В 1917 году Ленин осознавал, что Россия не готова к социализму. Но надеялся на социалистические революции в развитых капиталистических странах Запада. Революция в России мыслилась как пусковой крючок «мировой революции». В результате чего в союзе с победившим социализмом в этих странах Россия смогла бы преодолеть свою отсталость. Это была роковая ошибка. Ее теоретическое выражение - ленинский тезис о том, что современный ему капитализм переживает последнюю фазу в своем развитии - фазу империализма как кануна социалистической революции. Основания для такого суждения были. Первая половина XX века - глобальный кризис капитализма: две мировые войны, экономический кризис 1929 года, попытки социалистических революций и фашистские режимы в целом ряде стран. Находясь «внутри» такого социального катаклизма, немудрено было ошибиться. Это теперь, задним числом ясно, что то был очередной, а не конечный кризис капиталистической формации. И пережив его, капитализм вышел на новый этап своего развития.

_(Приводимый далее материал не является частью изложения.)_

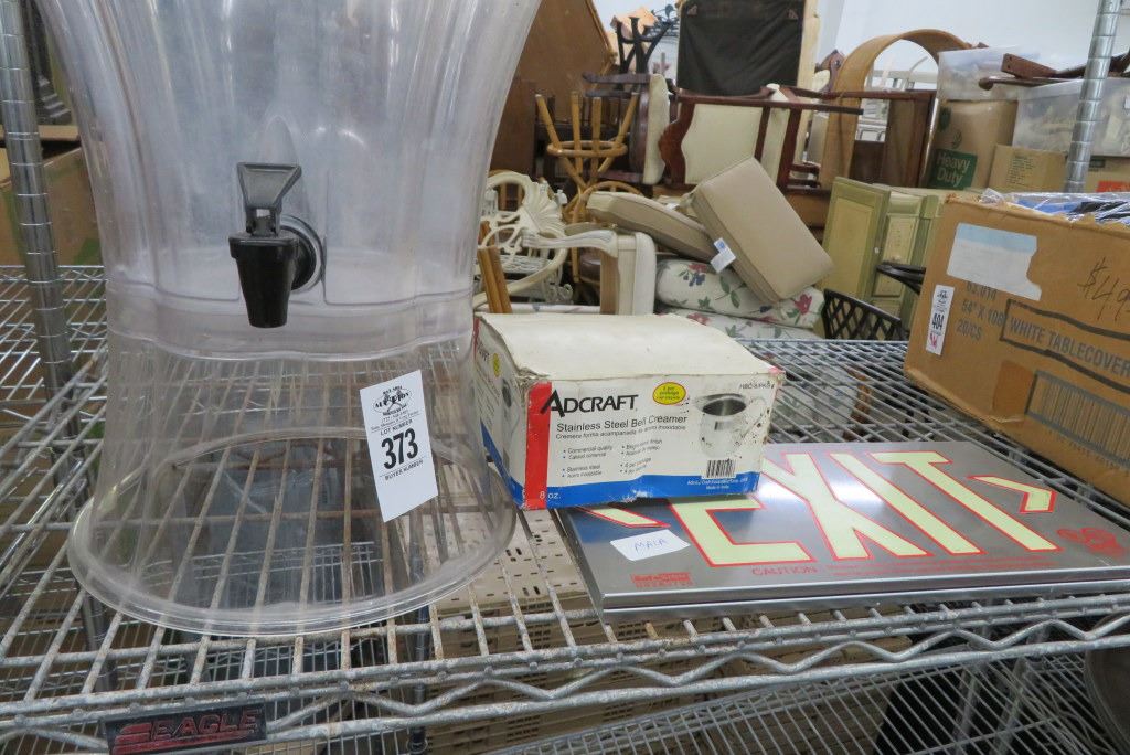 Plexi Beverage Dispenser, S/S Bell Creamer, Exit Signs
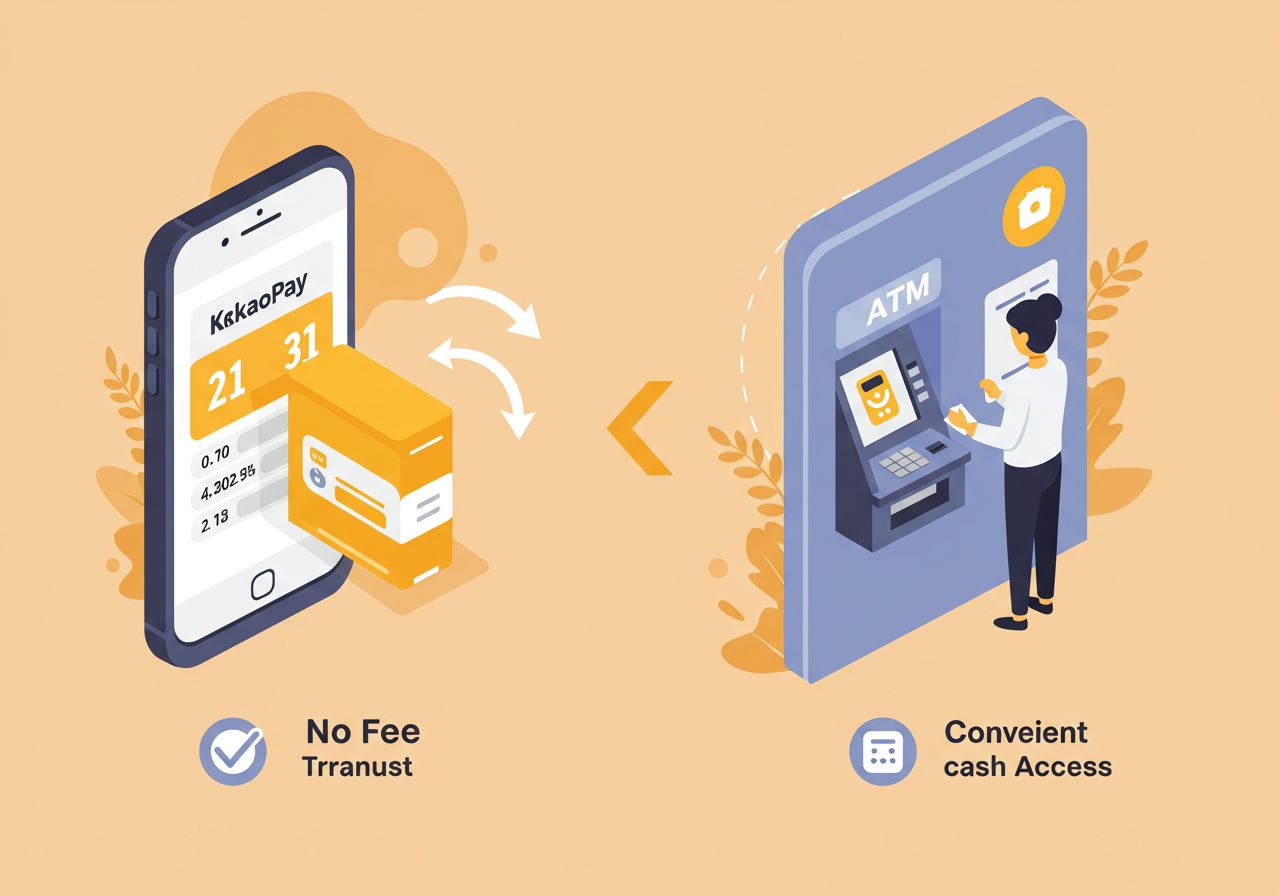 카카오페이의 출금은 간편하게 계좌 이체로 할 수도 있고, 카드 없이 ATM에서 현금으로도 찾을 수 있습니다. 아래에서 방법과 수수료, 한도를 확인해 보세요.

После поражения социалистических революций в Германии и Австро-Венгрии в 1918 году, когда стало ясно, что Россия в своем устремлении к социализму оказалась в одиночестве, Ленину не осталось ничего, как уповать на то, что, завоевав политическую власть, установив свою диктатуру, пролетариат сможет «подтянуть» экономику до социалистической зрелости. Но и с этим у него ничего не получилось - ни с диктатурой пролетариата, ни с социалистической экономикой.

К 1922 году стало ясно, что экономика по преимуществу крестьянской, мелкобуржуазной России не приемлет социалистические принципы организации. Введение НЭПа, то есть частичной рекапитализации (с узаконением частной собственности на средства производства, со «свободной торговли» (то бишь рынком), с девизом «обогащайтесь») было и признанием этого, и адекватной реакцией на объективную ситуацию. В чем надо отдать должное тактическому гению Ленина.

 

Но в политике НЭП лишь усилил существующие противоречия. С самого начала идея установления «диктатуры пролетариата» в России значила установление диктатуры меньшинства общества над его большинством. В реальных же условиях гражданской войны, послевоенной разрухи, а с введением НЭПа и с нарастанием социального влияния реанимированной буржуазии удержать власть и сохранить социалистическую ориентацию развития общества можно было, лишь в форме диктатуры партии, как наиболее сознательной части пролетариата. Причем, партии, имеющей очень жесткую, централизованную организацию. Что неизбежно влекло за собой перерождение политической организации общества в диктатуру партийно-государственной бюрократии.

И если при жизни Ленина этот процесс еще как-то сдерживался, то уже через четыре года после его смерти, к 1928 году режим такой диктатуры вполне сформировался. Гений Андрея Платонова зафиксировал его в сатирической повести «Город Градов» еще в 1926 году. Главный герой повести Иван Федотович Шмаков - заведующий подотделом губернского земельного управления, обращаясь к своим коллегам-чиновникам, теоретизировал: «Бюрократия имеет заслуги перед революцией: она склеила расползавшиеся части народа, пронизала их волей к порядку и приучила к однообразному пониманию обычных вещей. Без бюрократии, уважаемые ратники государства, не удержаться бы Советскому государству и часа... Я вам сейчас открою тайну нашего века! - Ну-ну! - одобрило собрание. - Открой его черта! А вот сейчас, - обрадовался Шмаков. - Кто мы такие? Мы заместители пролетариев! Стало быть, к примеру, я есть заместитель революционера и хозяина! Чувствуете мудрость? Все замещено! Все стало подложным. Все не настоящее, а суррогат! Были сливки, а стал маргарин: вкусен, а не питателен! Чувствуете, граждане?»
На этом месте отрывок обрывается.